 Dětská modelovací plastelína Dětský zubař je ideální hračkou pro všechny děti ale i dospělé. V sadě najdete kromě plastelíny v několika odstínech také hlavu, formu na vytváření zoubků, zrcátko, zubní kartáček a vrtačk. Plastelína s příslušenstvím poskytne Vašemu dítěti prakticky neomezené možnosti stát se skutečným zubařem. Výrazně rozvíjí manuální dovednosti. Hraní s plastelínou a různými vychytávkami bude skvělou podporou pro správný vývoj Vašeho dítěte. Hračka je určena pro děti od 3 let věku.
+ + + + + + +
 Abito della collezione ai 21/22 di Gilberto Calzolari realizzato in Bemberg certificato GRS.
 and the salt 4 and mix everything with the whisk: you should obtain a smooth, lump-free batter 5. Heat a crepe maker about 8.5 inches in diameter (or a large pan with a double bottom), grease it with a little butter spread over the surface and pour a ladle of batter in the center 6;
+ + + + + + +
→ **Instructions to follow**: Out of the data above, set down the lines from the one with "Abito della collezione" to the one with "and the salt", both included, exactly as written and with no additions.

→ **Exercise response**:
 Abito della collezione ai 21/22 di Gilberto Calzolari realizzato in Bemberg certificato GRS.
 and the salt 4 and mix everything with the whisk: you should obtain a smooth, lump-free batter 5. Heat a crepe maker about 8.5 inches in diameter (or a large pan with a double bottom), grease it with a little butter spread over the surface and pour a ladle of batter in the center 6;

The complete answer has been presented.